**TRY IT:**
From the records below, print only the part that opens with the line containing "沖縄民謡から沖縄ポップスま幅" and closes with the line containing "這是充滿神奇的雜技晚會,讓飛天神女穿越古今,九重國香連綴成詩。"; omit the pictures.

**MATERIAL TO PROCESS:**
-------------------------
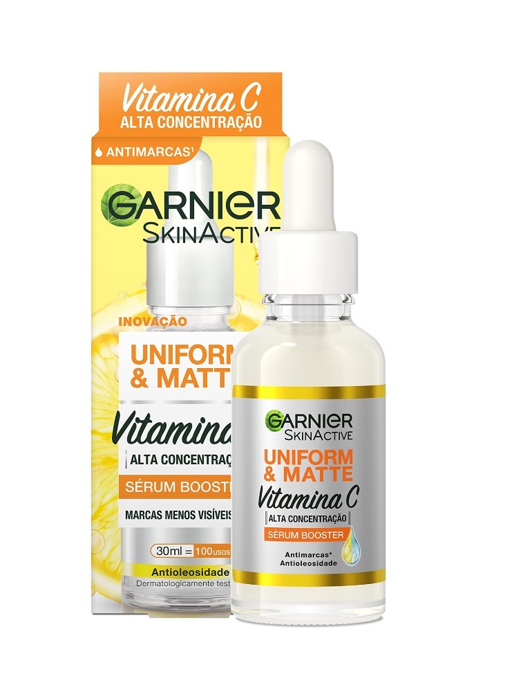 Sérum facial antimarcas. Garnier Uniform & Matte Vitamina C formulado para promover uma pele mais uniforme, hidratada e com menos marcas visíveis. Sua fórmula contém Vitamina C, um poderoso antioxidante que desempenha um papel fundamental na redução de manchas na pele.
-------------------------
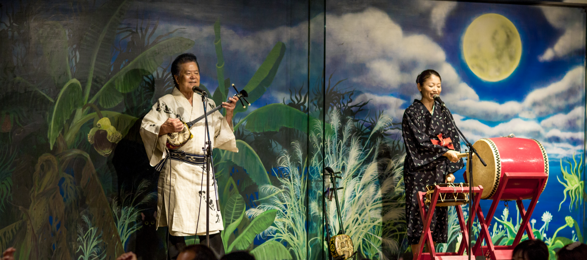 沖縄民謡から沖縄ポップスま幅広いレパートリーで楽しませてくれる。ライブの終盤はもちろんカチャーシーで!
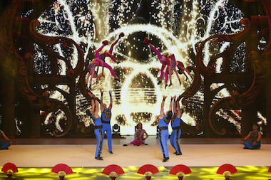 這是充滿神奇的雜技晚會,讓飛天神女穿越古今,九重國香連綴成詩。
-------------------------
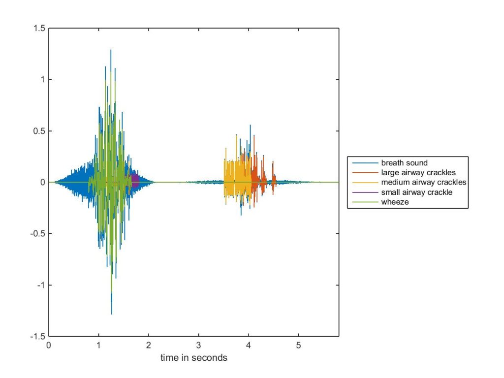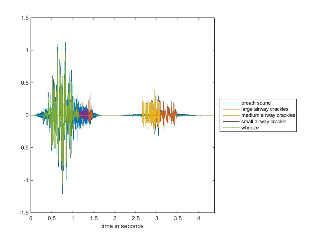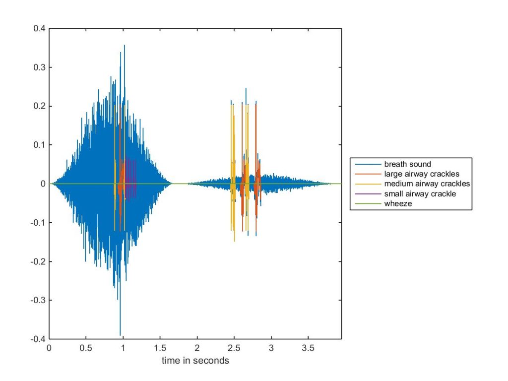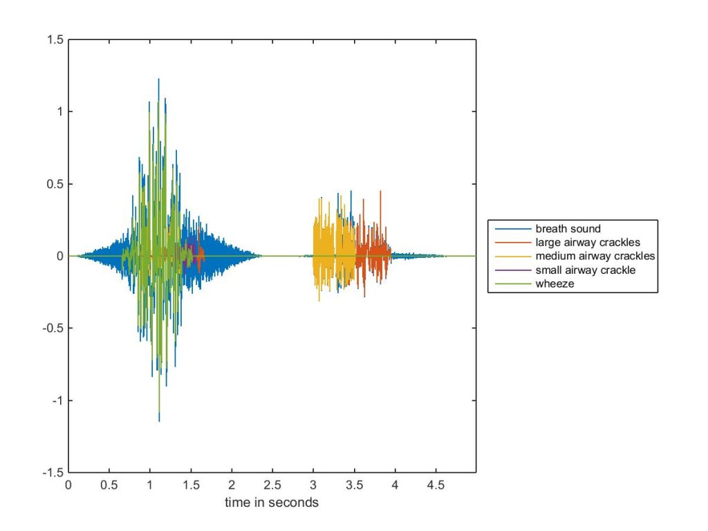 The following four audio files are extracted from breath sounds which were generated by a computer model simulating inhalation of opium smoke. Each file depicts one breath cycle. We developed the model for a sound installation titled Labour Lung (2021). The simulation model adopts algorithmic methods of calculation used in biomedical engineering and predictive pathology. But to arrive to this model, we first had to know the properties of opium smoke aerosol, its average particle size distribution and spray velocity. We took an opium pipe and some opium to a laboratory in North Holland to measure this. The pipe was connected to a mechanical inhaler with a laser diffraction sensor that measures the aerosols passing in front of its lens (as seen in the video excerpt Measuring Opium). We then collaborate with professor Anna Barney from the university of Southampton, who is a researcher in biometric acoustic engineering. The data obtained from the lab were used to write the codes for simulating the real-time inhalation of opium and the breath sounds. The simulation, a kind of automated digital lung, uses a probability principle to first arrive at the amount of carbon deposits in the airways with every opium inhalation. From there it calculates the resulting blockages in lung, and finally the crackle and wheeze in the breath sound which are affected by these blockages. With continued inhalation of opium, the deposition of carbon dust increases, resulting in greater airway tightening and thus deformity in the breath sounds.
-------------------------
**OUTPUT FOR THIS EXERCISE:**
 沖縄民謡から沖縄ポップスま幅広いレパートリーで楽しませてくれる。ライブの終盤はもちろんカチャーシーで!
 這是充滿神奇的雜技晚會,讓飛天神女穿越古今,九重國香連綴成詩。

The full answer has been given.